La persona al fusionarse con sus pensamientos queda atrapada en ellos y llega a no ser conciente de que está pensando.
Mediante la fusión cognitiva, los pensamientos aparecen como algo importante, como una verdad absoluta que rige la conducta como si de una orden se tratara, dictan a la persona lo que debe hacer o acaparan totalmente su atención.
Mediante la fusión cognitiva la persona pierde el contacto con la experiencia directa (aquello que le llega a través de los sentidos) y queda atrapada en el mundo del lenguaje, en la mente.
El proceso inverso, la ruptura de la fusión (la defusión, la desliteralización, el distanciamiento) supone dar un paso atrás y contemplar los pensamientos como lo que son: simples palabras o imágenes.
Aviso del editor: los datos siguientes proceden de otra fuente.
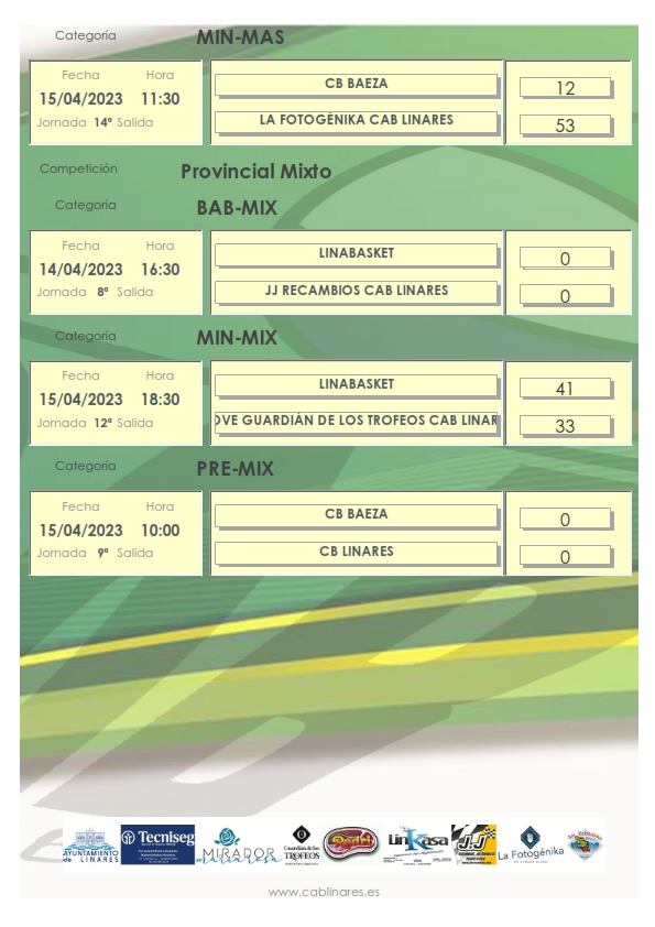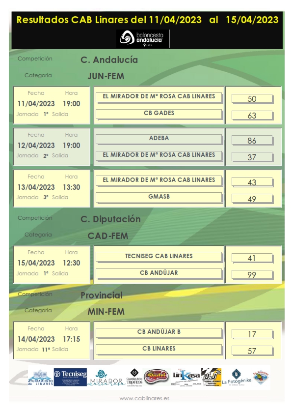 En la tarde el viernes el baby mixto JJ Recambios CAB Linares disputaba su partido de Liga Valorcesto ante Linabasket. El mini femenino CB Linares CAB Linares se imponía en su visita al equipo B de CB Andújar.

Dejan de ser verdades absolutas, pierden importancia, poder e influencia en la conducta.
En ACT, el terapeuta no intenta modificar el contenido de los pensamientos sino la relación que la persona establece con ellos.
Un concepto clave del modelo ACT es el de operabilidad o utilidad. Si una determinada conducta es útil para aportar plenitud y sentido a la vida no es preciso cambiarla, pero, en caso contrario, es preciso considerar otras alternativas más útiles.
Cuando se aplica este concepto a los pensamientos, lo importante no es si se corresponden o no con la verdad, si tenemos o no razón. Lo importante es discernir si resultan útiles o no para guiar la conducta de manera que sirva para crear una vida rica, plena y con sentido; si ayudan a ser la persona que uno quiere ser.